Federal support for public broadcasting and the arts has long been a target of conservatives, and earlier in the campaign Romney said that such funding could be made up for via private support.
Although coin for the arts and public broadcasting is not at the center of campaign debate, it has special resonance in the entertainment industry, where activists have long advocated for continued support as a way to seed programs and projects that would not otherwise get funding elsewhere.
For example, attorney Bruce Ramer, a longtime supporter of GOP candidates who gave to Romney’s campaign in December, also is chairman of the Corp. for Public Broadcasting, which distributes the $445 million federal outlay to public broadcasting entities. As funding to the CPB has been threatened in the past — as it was during the bitter budget battle last year — Ramer has quietly met with Republican lawmakers, sources say.
Although PBS and the NEA have been targets on the right on the charge that they harbor a political agenda, Romney told Fortune that they needed to show that they could rely on private support.
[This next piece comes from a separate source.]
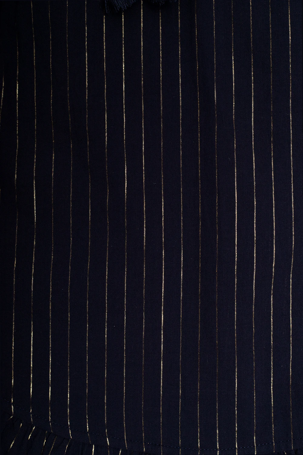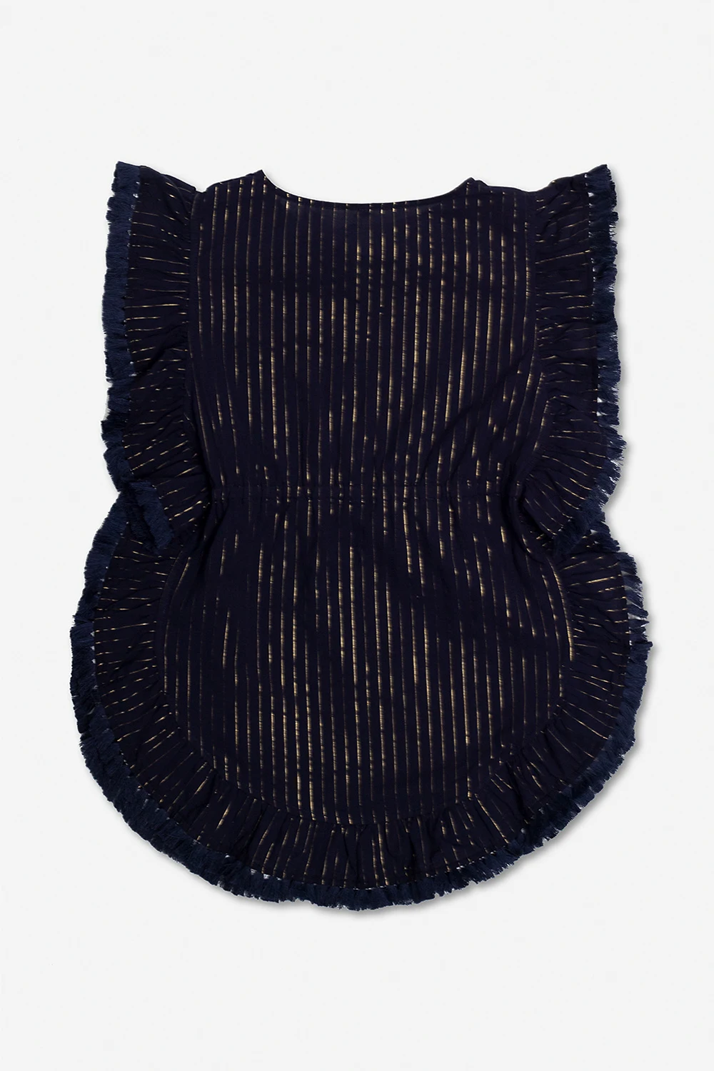 Navy blue dress from Zimmermann Kids. Made from cotton and decorated with gold-tone lurex pinstripes, this style features a round neck with drawstrings, a waist-cinching drawstring belt and ruffle detailing on the short sleeves, sides and bottom hem.

“Some of these things, like those endowment efforts and PBS, I very much appreciate and like what they do in many cases,” Romney told the mag. “But I just think they have to stand on their own rather than receiving money borrowed from other countries, as our government does on their behalf.”
But the CPB challenged that notion in a report it released in June that was done by Booz & Co. It concluded that “the loss of federal funding will mean the end of public broadcasting.”
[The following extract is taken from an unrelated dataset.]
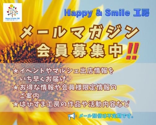 「Happy & Smile 工房」では、これから楽しい催しを企画しております。イベントやマルシェ出店情報、メルマガ会員限定情報もご案内させて頂きます。是非この機会にご登録をお願い致します。

“Federal money is the foundation upon which stations build and raise, on average, at least six times the amount they receive from the federal government,” the report stated. “This nonfederal money lets CPB know that stations are receiving a positive report card from the communities they serve.”
Patrick Butler, president and CEO of the Assn. of Public Television stations, said he has been talking to Romney’s policy staff to make the case for federal funding, citing the relatively small outlay compared to the federal budget, among other points. “We obviously haven’t made the sale yet,” he said in response to Romney’s latest statement.
Butler added that the stations have an “education challenge” in making the case of “what we do and what we cost” to Romney, who he noted was governor of Massachusetts, which does not provide state funding to public broadcasting. But he said that they will be enlisting Republicans who sit on boards of public broadcasting entities across the country to help them make their case during the election season.
“What we don’t want is for public broadcasting to be a partisan issue,” he said.
Likewise, Americans for the Arts, which advocates for federal arts funding, is planning forums at the Republican and Democratic conventions, with former Arkansas Mike Huckabee hosting their event in Tampa and former Secretary of Education Robert Riley hosting in Charlotte.
Robert Lynch, president and CEO of Americans for the Arts, said Romney has a “misunderstanding” of how NEA funding works, in that the funding helps stimulate state and local arts councils as well as seed the growth of small businesses. “We know from 45 years of history that the great benefit of the American system, which is a very conservative system of support, is not the subsidy but the leverage power,” he said.